The Supreme Court Tuesday refused to direct the Centre to transfer the contributions made to the PM CARES Fund for battling the COVID-19 pandemic to the National Disaster Response Fund (NDRF) saying both are entirely different funds with separate object and purpose.
A bench headed by Justice Ashok Bhushan also said there is no statutory prohibition for the Centre utilising the NDRF for providing assistance in the fight of COVID-19 in accordance with the guidelines issued for administration of the NDRF.
"At this need of the hour no exception can be taken to the constitution of a public charitable trust, namely, PM CARES Fund to have necessary financial resources to meet the emergent situation," said the apex court which also rejected the submissions of the NGO, ''Centre for Public Interest Litigation'', that there was no sufficient plan to deal with the COVID19 pandemic.
The top court said there is also no statutory prohibition in making any contribution by any person or institution in the NDRF as per Section 46(1)(b) of the Disaster Management Act, Act, 2005.
The contribution by any person or by any institution in PM CARES Fund is voluntary and it is open for any person or institution to make a contribution to the PM CARES Fund, the top court said.
"The funds collected in the PM CARES Fund are entirely different funds which are funds of a public charitable trust and there is no occasion for issuing any direction to transfer the said funds to the NDRF.
"The prayer of the petitioner to direct all the funds collected in the PM CARES Fund till date to be transferred to the NDRF is refused," the bench, also comprising Justices R S Reddy and M R Shah, said.
It said when the Central government is providing financial assistance to the States to contain COVID-19 it is not for any PIL petitioner to say that Centre should give amount from this fund or that fund.
"The financial planning is in the domain of the Central government, which financial planning is made after due deliberation and consideration.
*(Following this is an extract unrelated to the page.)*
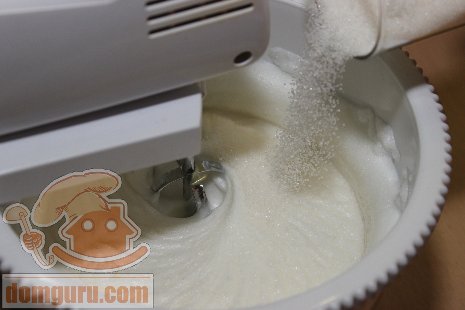 Взбейте миксером белки в густую пену и добавьте 100 грамм сахара.

We, thus, do not find any substance in the submission of the petitioner that there is any statutory restriction/prohibition in utilization of NDRF for COVID-19," the apex court said in its 75- page verdict.
The NGO, Centre for Public Interest Litigation, had sought a direction that all the money collected under the PM CARES Fund for the COVID-19 pandemic should be transferred to the NDRF.
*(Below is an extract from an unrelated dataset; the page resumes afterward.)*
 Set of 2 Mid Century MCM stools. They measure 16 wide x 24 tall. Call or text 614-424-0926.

The PIL had also sought a direction to the government to prepare, notify and implement a national plan under the Disaster Management Act to deal with the COVID-19 pandemic.
The apex court said the National Disaster Management Plan prepared by the Centre deals with all aspects of the Biological and Public Health Emergencies in systematic and planned manner and thus there is no need of separate plan to deal with COVID-19 pandemic.
The bench said the National Disaster Management Authority was well aware of the epidemics and had issued guidelines in the year 2008 itself which has been further detailed in Plan-2019.
"All aspects of the epidemics, all measures to contain an epidemic, preparedness, response, mitigation have been elaborately dealt in Plan, 2019. Unless the National Plan as contemplated under Section 11 contains all aspects of disaster including the Biological and Public Health Emergencies, it will not be possible for the governments to immediately respond and contain an epidemic," it said.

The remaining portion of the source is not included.